Жизнь многому научила Вин, она хорошо усвоила, что лучшая форма защиты – нападение.

Не взглянув на Чарли, она холодно спросила:

– Что ты здесь делаешь, Джеймс?

Краем глаза она заметила, как Чарли покраснел и сник, но ей достало сил проигнорировать его, обратив все внимание на мужчину, который вальяжно поднялся с диванчика и теперь стоял перед ней.

Было бы лучше, если б он оставался сидеть, подумала Вин, не желая отступать перед ним ни на шаг. Отступить – значит уступить, несколько футов поверхности пола обретали символическое значение. Поэтому она стояла на своей территории, запрокинув голову и глядя прямо ему в глаза. Она не пыталась скрыть свое недовольство.

Она заметила, как Джеймс украдкой посмотрел на Чарли, отчего ее враждебность только усилилась. Как он смеет использовать сына в качестве оборонительного барьера? И какая наглость – сразу же заявиться сюда, в ее дом! Зачем? Он же не знал, что ее нет, или…

Вин вся напряглась, с трудом подавив желание посмотреть Чарли в глаза. Его смущение вполне можно было интерпретировать как виноватость.

Неужели Чарли солгал ей относительно своих планов на этот вечер? Неужели он знал – и заранее готовился к приезду Джеймса?
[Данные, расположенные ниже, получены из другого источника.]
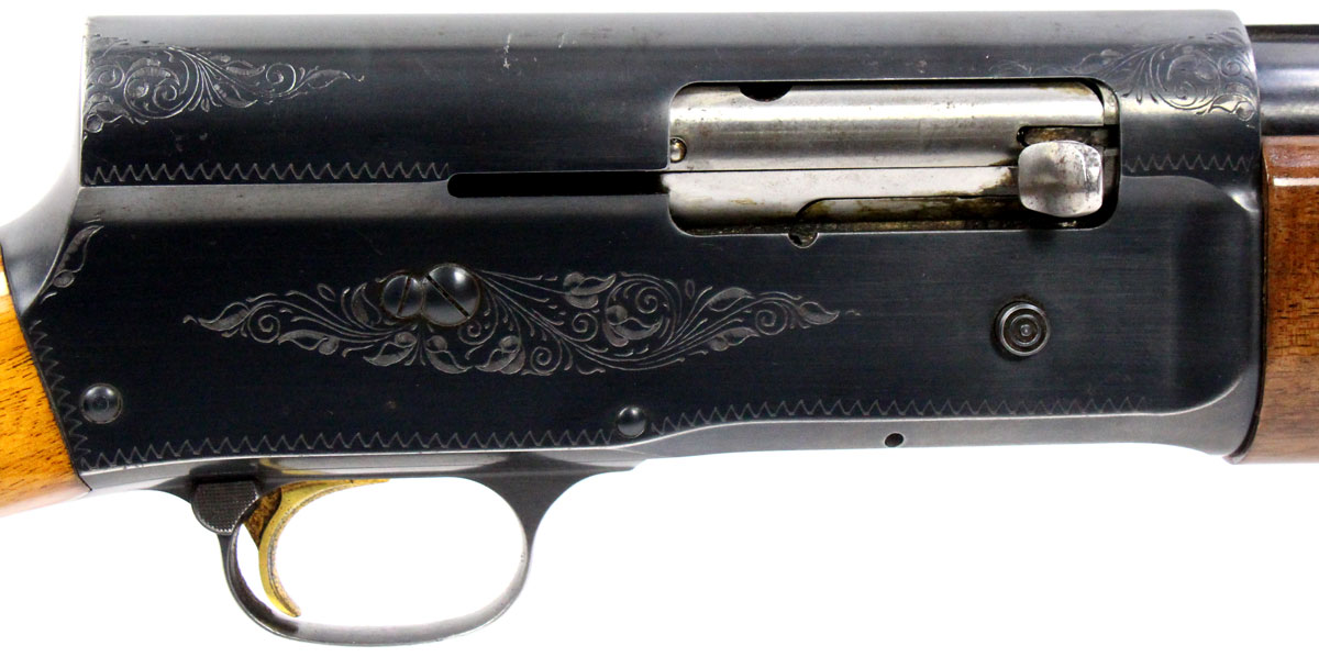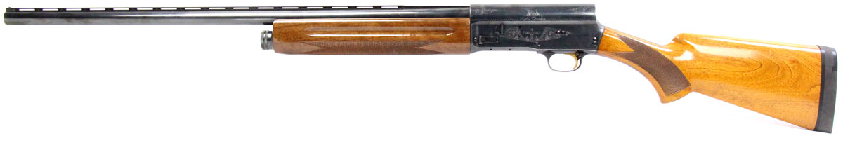 This is a used Browning A-5 Light Twelve shotgun chambered in 12 gauge. It features a 28-inch Japanese replacement barrel with permanently affixed Briley thin wall cylinder bore choke, 14.5-inch length of pull, 2.75-inch chamber, cross-bolt safety, and Belgian receiver. Overall, this shotgun is in good condition with some handling wear on the receiver and stock. The stock appears to be a replacement. Based on Browning's serial date codes, this shotgun was manufactured in 1967. This would be a good choice for skeet shooting. Buy online today!

Вопросы возникали сами собой.

Прежде чем Джеймс успел что-то сказать, Чарли подошел и встал рядом с ним.

– Это я пригласил папу сюда. Дом ведь не только твой, но и мой. Разве я не могу позвать сюда моего отца?
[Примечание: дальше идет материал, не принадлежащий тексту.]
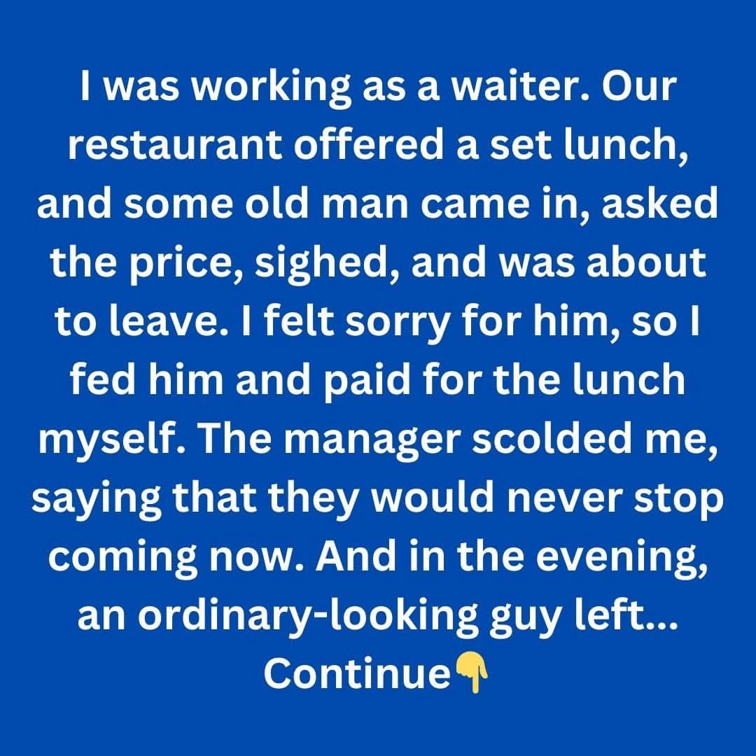 About 10 years ago, I was working as a waiter. Our restaurant offered a set lunch, and some old man came in, asked the price, sighed, and…

Мальчик дерзко выпятил подбородок, и она безошибочно распознала скрывавшиеся за бравадой слезы. Она постаралась взять себя в руки – сейчас не время давать волю эмоциям. Позднее она растолкует сыну, в чем состоит бестактность его поступка, а пока что, при Джеймсе, лучше от нотаций воздержаться.

– Конечно, это и твой дом, Чарли.

С этими словами она отвела взгляд в сторону и заметила, что Джеймс, нахмурившись, изучает ее. Наверное, едко вопрошает себя, чем же его прельстила некогда эта злючка. Конечно, куда ей до Тары. Интересно, что сталось с его красоткой. Джеймс так повторно и не женился. Если и была в его жизни какая-то женщина, с Чарлзом он ее не знакомил.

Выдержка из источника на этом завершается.